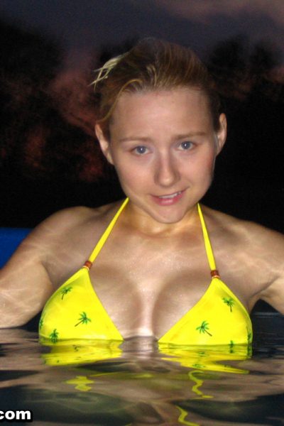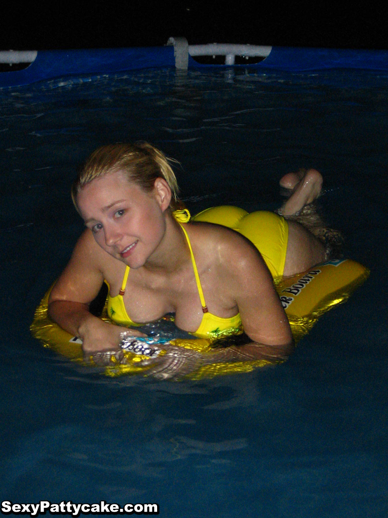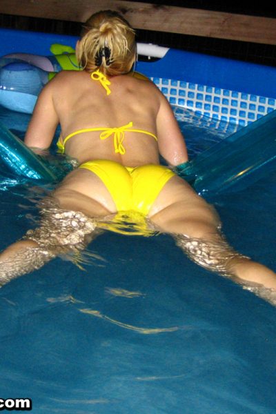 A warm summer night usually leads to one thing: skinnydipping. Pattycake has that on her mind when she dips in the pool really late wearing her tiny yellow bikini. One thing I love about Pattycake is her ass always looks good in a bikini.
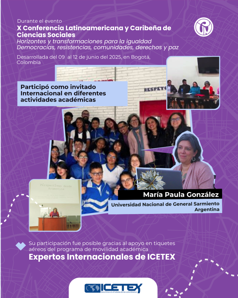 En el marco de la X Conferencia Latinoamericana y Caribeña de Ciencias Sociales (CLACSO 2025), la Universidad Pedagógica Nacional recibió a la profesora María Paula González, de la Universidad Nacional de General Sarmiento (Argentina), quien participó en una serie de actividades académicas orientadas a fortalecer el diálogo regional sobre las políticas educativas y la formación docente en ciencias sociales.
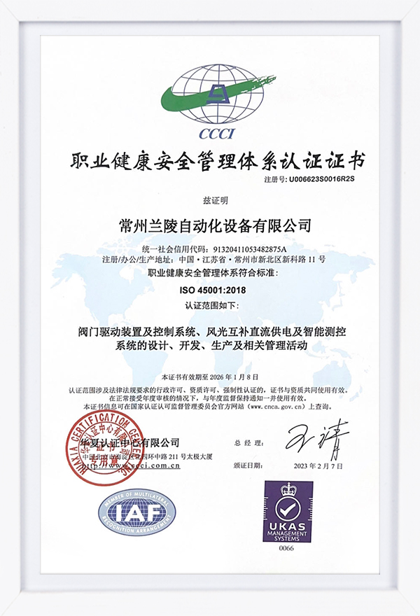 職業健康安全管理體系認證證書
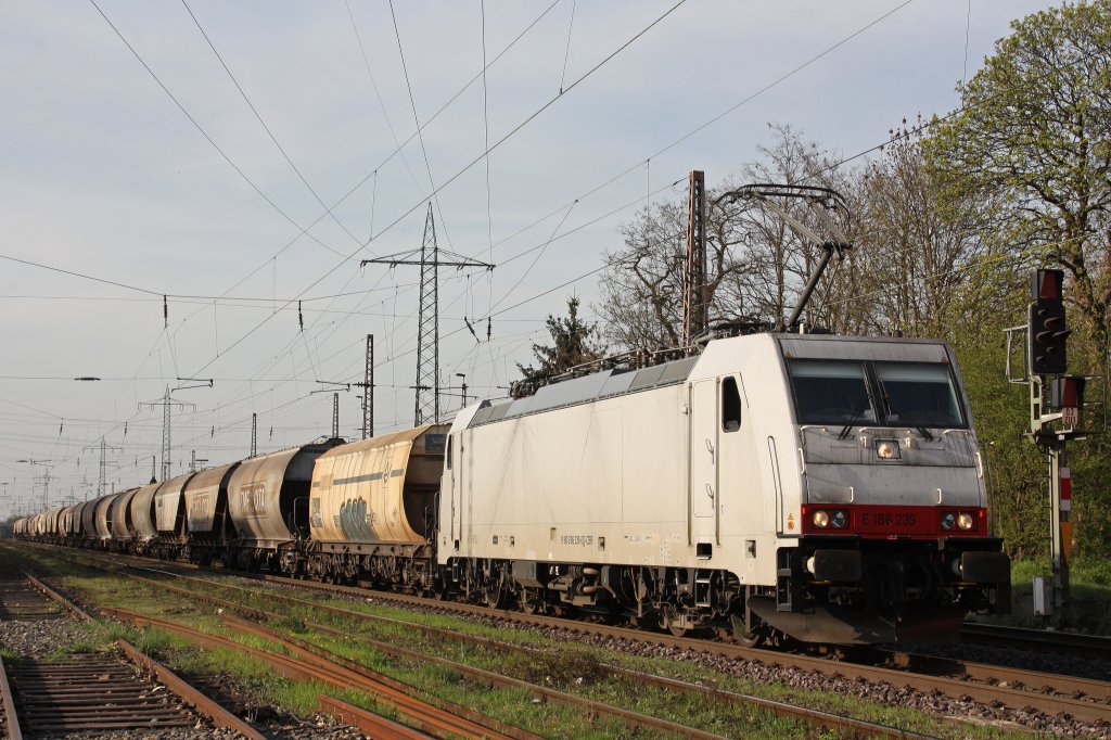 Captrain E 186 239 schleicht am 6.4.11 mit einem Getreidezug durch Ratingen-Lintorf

--

### TASK DETAILS
Retype the data in full. Images do not go in the copy.

### YOUR SOLUTION
 A warm summer night usually leads to one thing: skinnydipping. Pattycake has that on her mind when she dips in the pool really late wearing her tiny yellow bikini. One thing I love about Pattycake is her ass always looks good in a bikini.
 En el marco de la X Conferencia Latinoamericana y Caribeña de Ciencias Sociales (CLACSO 2025), la Universidad Pedagógica Nacional recibió a la profesora María Paula González, de la Universidad Nacional de General Sarmiento (Argentina), quien participó en una serie de actividades académicas orientadas a fortalecer el diálogo regional sobre las políticas educativas y la formación docente en ciencias sociales.
 職業健康安全管理體系認證證書
 Captrain E 186 239 schleicht am 6.4.11 mit einem Getreidezug durch Ratingen-Lintorf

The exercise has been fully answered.